If a person born before May 1, 1921, has a representative payee, their benefit must be converted to electronic payment by the deadline. The exception granted for those born before May 1, 1921 does not apply to people with a representative payee. For more information about representative payee responsibilities, consult the Federal Benefit Agency.
Impact on Residents
If a resident has previously opted for direct deposit, nothing will change. If a resident previously opted to receive payments via the Direct Express Debit Card or other debit card, nothing will change.
How to Handle Payments Made via Direct Express Debit Cards
HUD has received several inquiries about the Direct Express Debit Card and how it will affect income and asset calculations for HUD subsidized properties.
In order to remain consistent with HUD regulations, benefits received through direct deposit OR the Direct Express Debit Card will continue to be treated as income since the payment is a regular periodic payment. The balance on the Direct Express Debit Card is considered an asset and will be verified in a manner consistent with existing savings account verification requirements. (See RHIIP ListServ 296 issued February 27, 2013).

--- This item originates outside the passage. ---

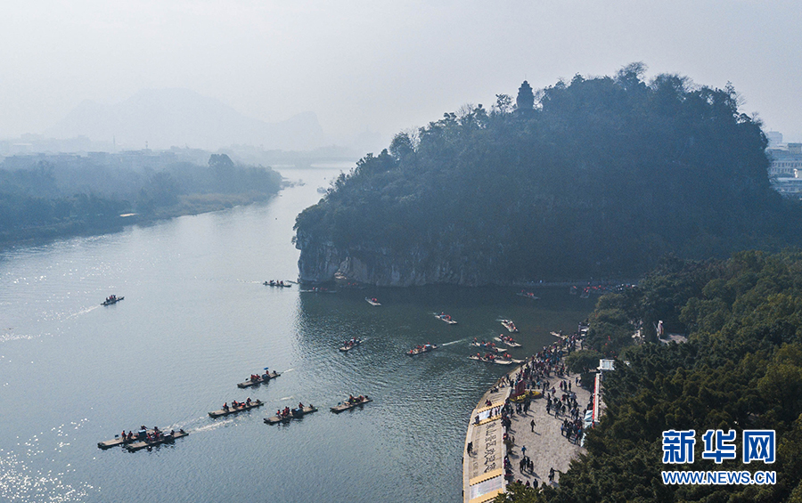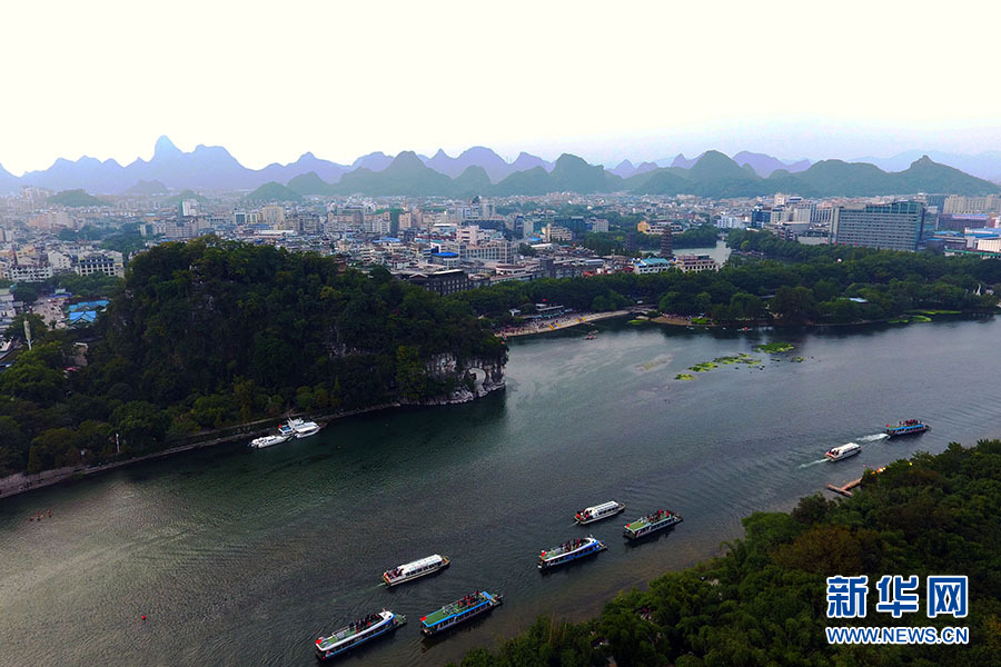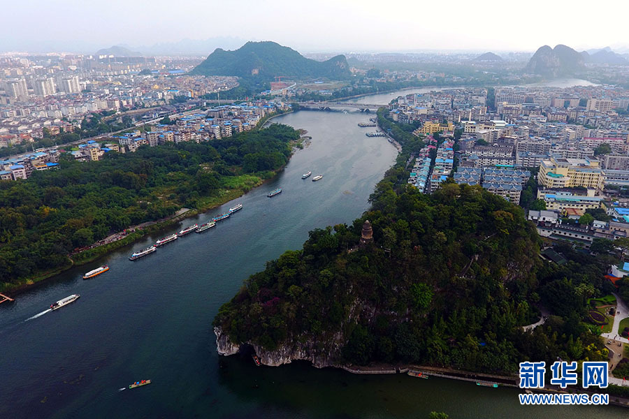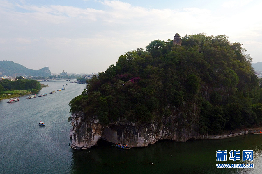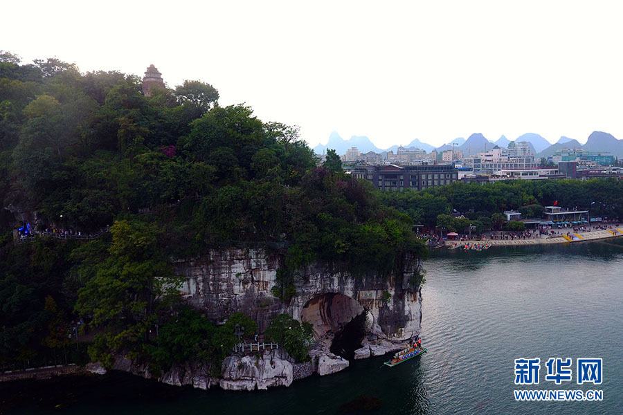 无人机航拍象鼻山景区。(资料图)新华网 刘君 摄

Note: This is a change from previous instruction specifying that Direct Express Debit Card balances should be treated like a checking account using the average of the verified monthly balance over a six month period to determine the value of the asset.
Specifically, tenants who receive their benefit on a Direct Express Debit Card will need to provide an account balance no more than 120 days old at the time of recertification. (See HUD Handbook 4350.3 Revision 1, Change 3 Appendix 3 and Paragraph 5-17).
A current balance can be obtained from an ATM, through the online account service, or a paper statement. The verification document must identify the account and the account holder.
There are no fees to check the card’s balance at an ATM or online.
Direct Express Debit Cards do not provide interest income. If the total household assets do not exceed $5,000, no income will be derived from this asset.
If household assets exceed $5,000, income from assets is the greater of “actual income from assets” or the current imputed rate of 2%. (See HUD Handbook 4350.3 Revision 1, Change 3, Paragraph 5-7.)
Note: For families receiving only BMIR assistance, it is not necessary to determine whether family assets exceed $5,000. The rule for imputing income from assets does not apply to the BMIR program.